** What to work on **
Using the data below, reproduce exactly the lines from the line with "然后在无名村的村长家右边柴木" to the line with "Ref: DE103ft: £1754ft: £2105ft: £245A", both included; pictures must be dropped.

==== Input material ====

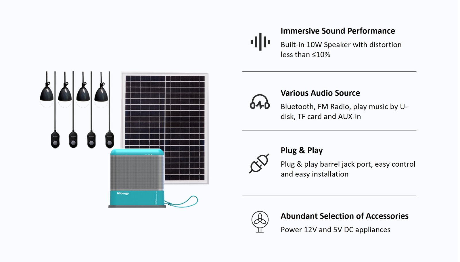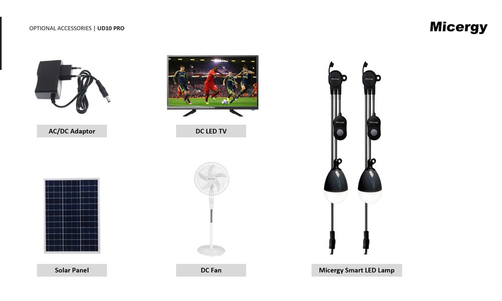 - Optional Accessories: AC/DC Adaptor, Solar Panel, LED Bulbs, DC Fan, DC TV
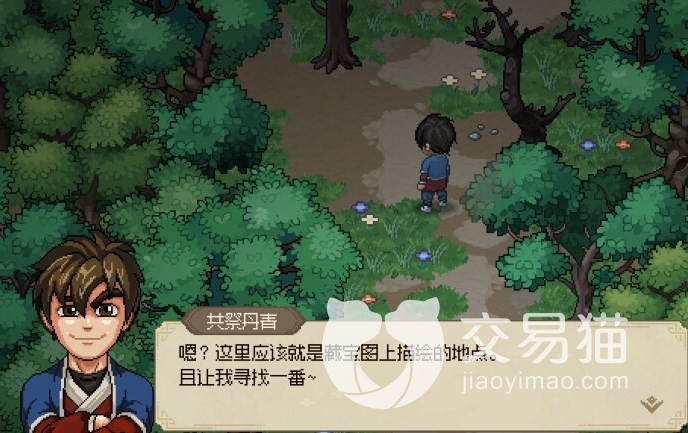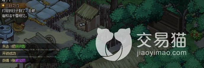然后在无名村的村长家右边柴木堆可以使用攻击键将木柴打碎,然后会发现宝箱,这里用铜钥匙解锁后就会发现藏宝图。根据提示找到树林里的特定位置,即可挖宝获得道具了。
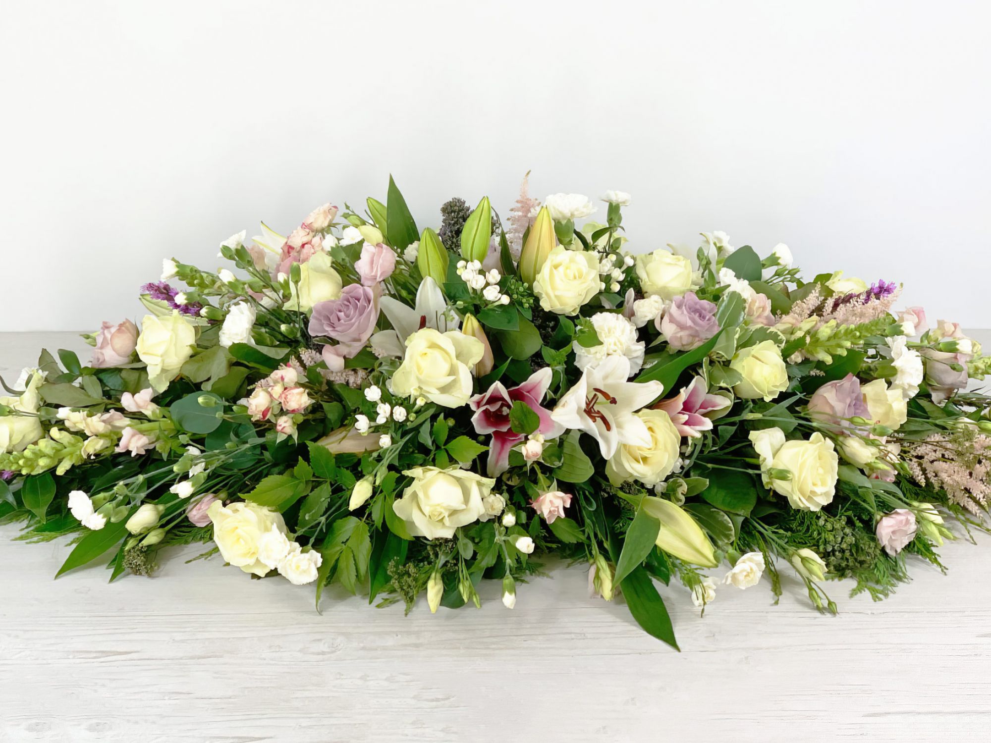 Ref: DE103ft: £1754ft: £2105ft: £245A large coffin spray with a selection of pale pink and white fresh flowers, including roses. This tribute can be made in a variety of sizes starting at 3ft in length. All fresh flowers and foliage are subject to seasonal availability.
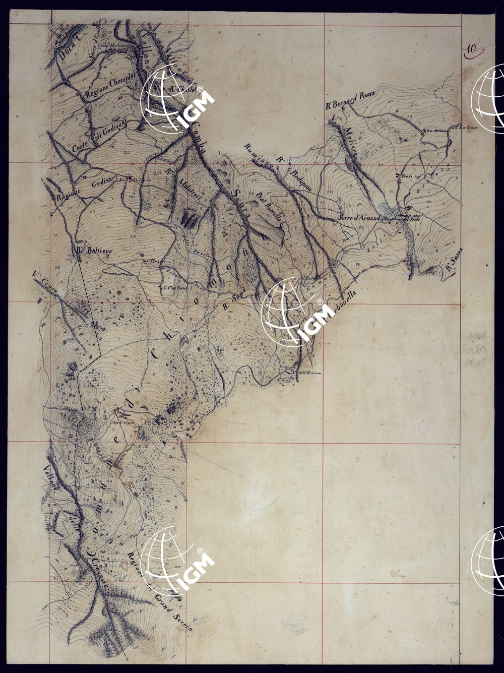 VALLE DELLA DORA EXILLES MINUTE AL 10.000. RILIEVI ESEGUITI NEL 1864 ALLIEVI INGEGNERI DEL R. CORPO DEL GENIO CIVILE ALLA SCALA DI 1 A 10.000 – FOGLIO 10.
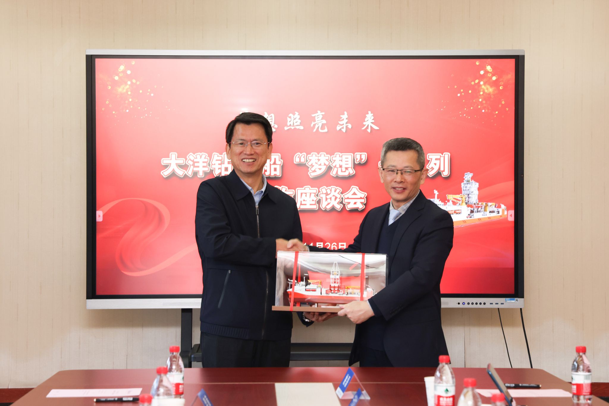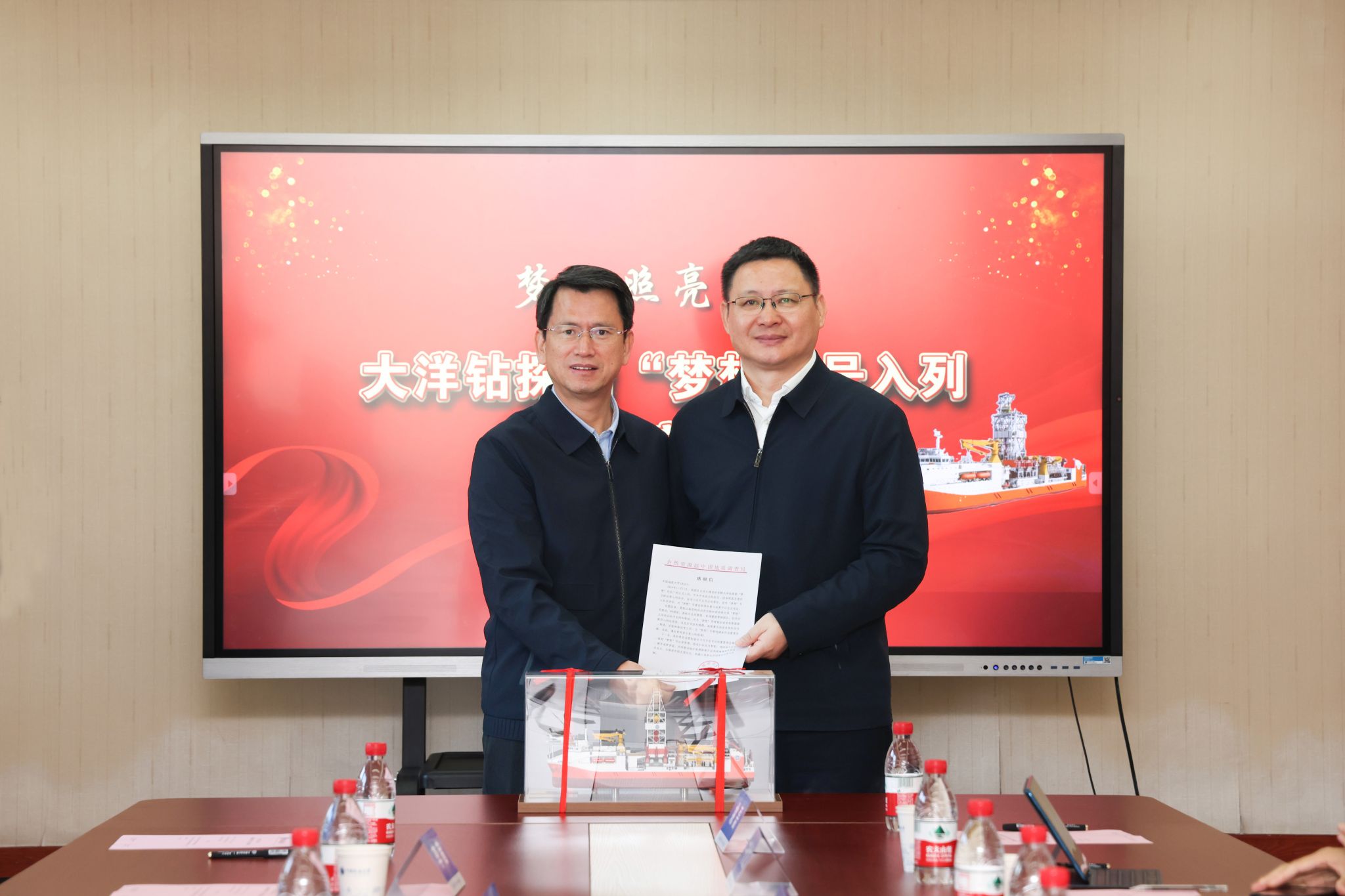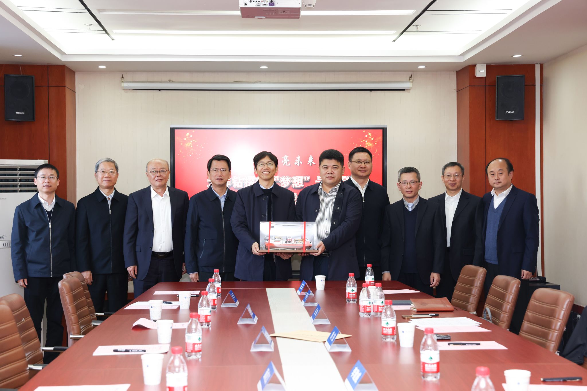 11月26日,中国地质调查局党组成员、副局长颜成义代表中国地质调查局向学校转交感谢信,并向学校赠送“梦想号”大洋钻探船船模。

====

** Result of this exercise **
然后在无名村的村长家右边柴木堆可以使用攻击键将木柴打碎,然后会发现宝箱,这里用铜钥匙解锁后就会发现藏宝图。根据提示找到树林里的特定位置,即可挖宝获得道具了。
 Ref: DE103ft: £1754ft: £2105ft: £245A large coffin spray with a selection of pale pink and white fresh flowers, including roses. This tribute can be made in a variety of sizes starting at 3ft in length. All fresh flowers and foliage are subject to seasonal availability.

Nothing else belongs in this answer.